From the depths of his self-pity and self-loathing, Mike makes a nostalgic, late-night visit to his old high school where he relives old memories; he was a popular senior, a basketball star, and was looking forward to a college basketball scholarship. But then Scarlett informed him that she was pregnant (with daughter Maggie). Mike gave up his college hoop dreams, and his life went downhill from there. At the high school, Mike shares his memories with the janitor, and later that same night he spies the same man about to jump off a bridge into a cold, black river. As Mike desperately tries to stop him, the man vanishes. Mike falls into the river and emerges from the water as his 17-year-old self (played by Zac Efron). After convincing Ned that he is indeed Mike, he realizes that he has been given a great opportunity for a do-over, and he decides to go back to high school as Mark with Ned in the role of his father. Mike hopes to correct some bad decisions he made, but to a teenager with an adult mind, high school presents some special challenges. He tries to give fatherly advice to Maggie, and encourage Alex in his own hoop dreams. Mike also rediscovers what it was about Scarlett that made him fall in love with her. Ultimately Mike realizes he just never appreciated the life he had.

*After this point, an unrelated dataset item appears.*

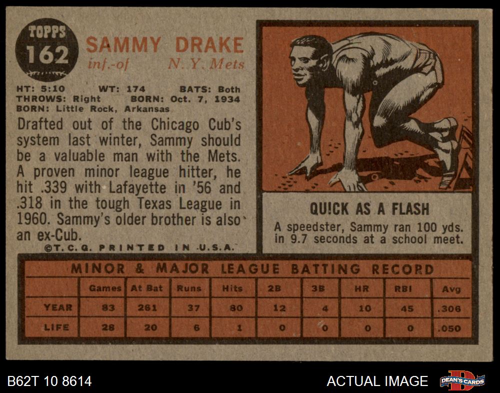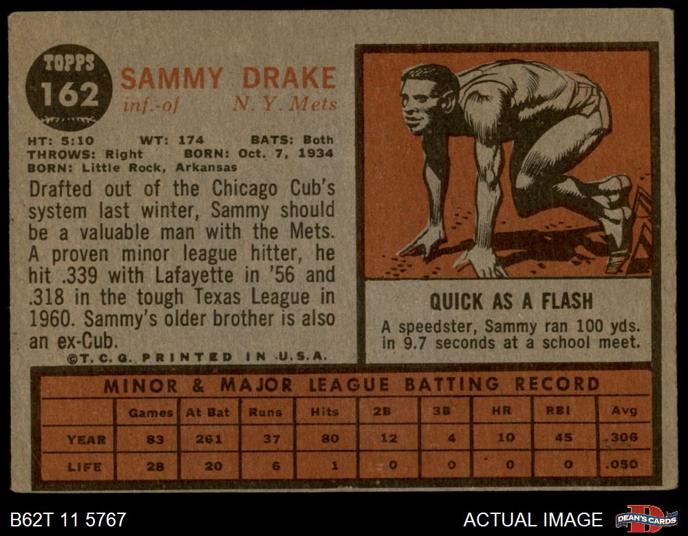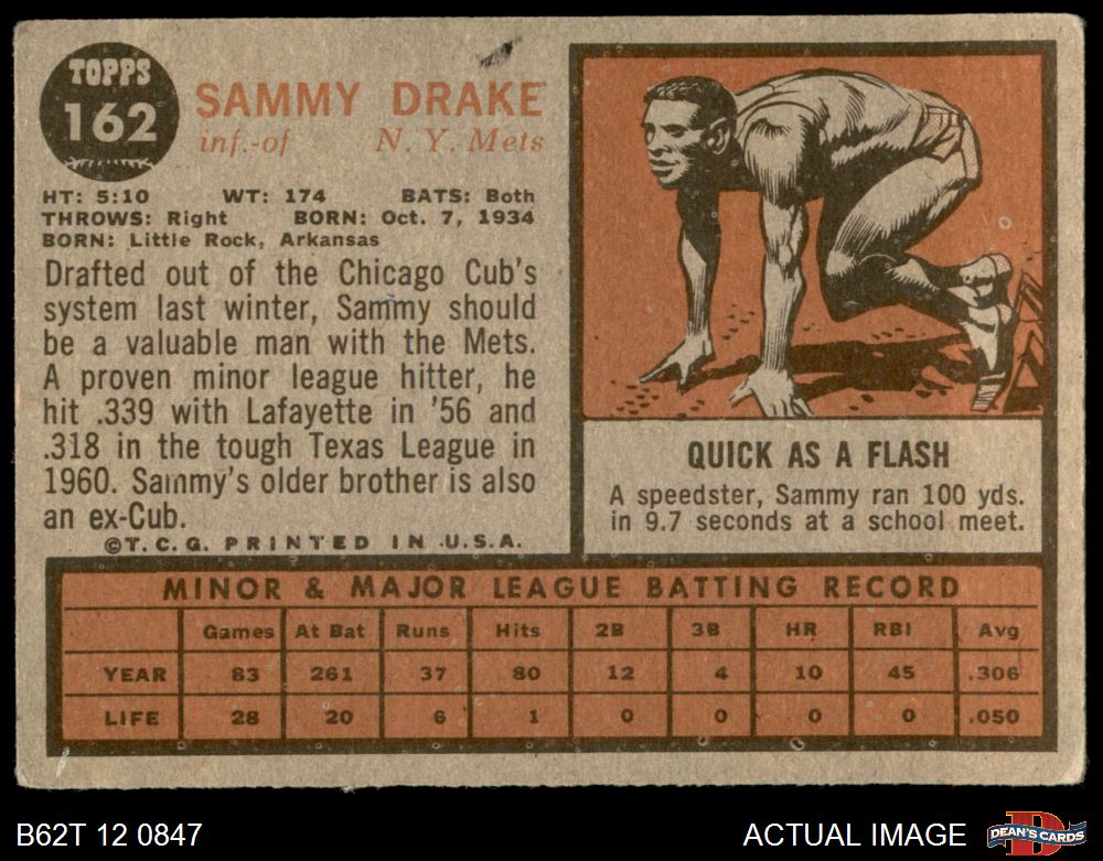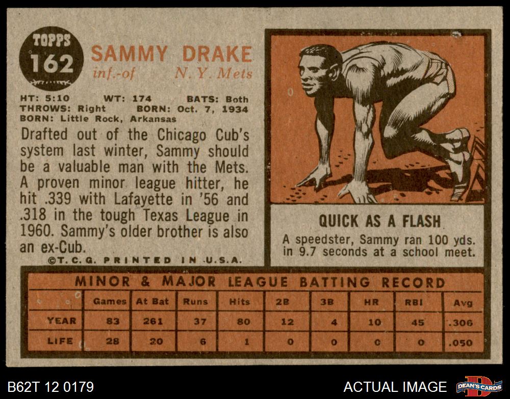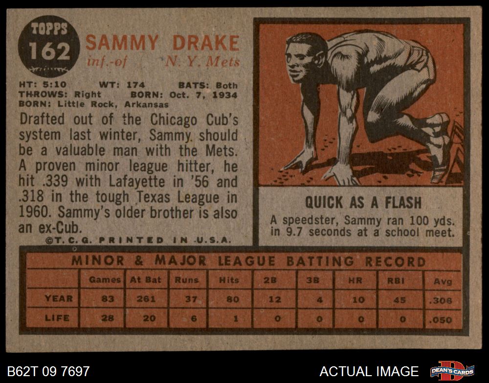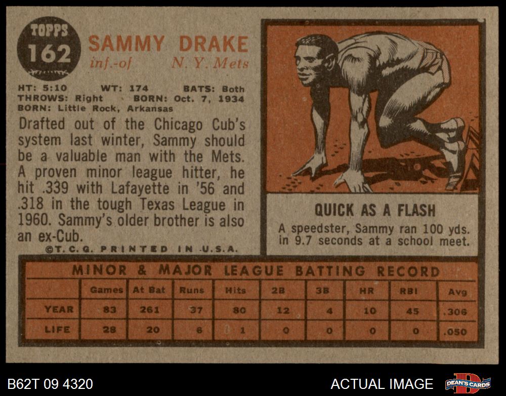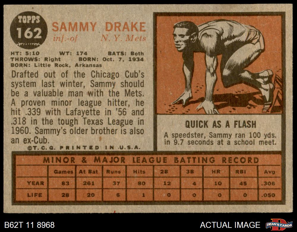 1962 Topps #162 NRM Sammy Drake

Unfortunately, the trapped in the wrong body comedy has been done so many times before that this version feels highly derivative, with recognizable elements from such films as Big, The Family Man, Disney's:The Kid, and Peggy Sue Got Married. There's little romantic chemistry between Matthew Perry and Leslie Mann, and almost no screen time devoted to the earlier high school relationship between teenage Mike (Zac Efron) and teenage Scarlett (Allison Miller). And Ned's strange lust for the high school principal (played by Melora Hardin) is more embarrassing than amusing. So the major flaw in this film is the boring, amateurish screenplay. In addition, while Zac Efron may be a fine, young actor, at 21 years of age he's just not capable of carrying a film. If you're a Zac Efron fan, you will likely enjoy this lightweight comedy; others should probably pass.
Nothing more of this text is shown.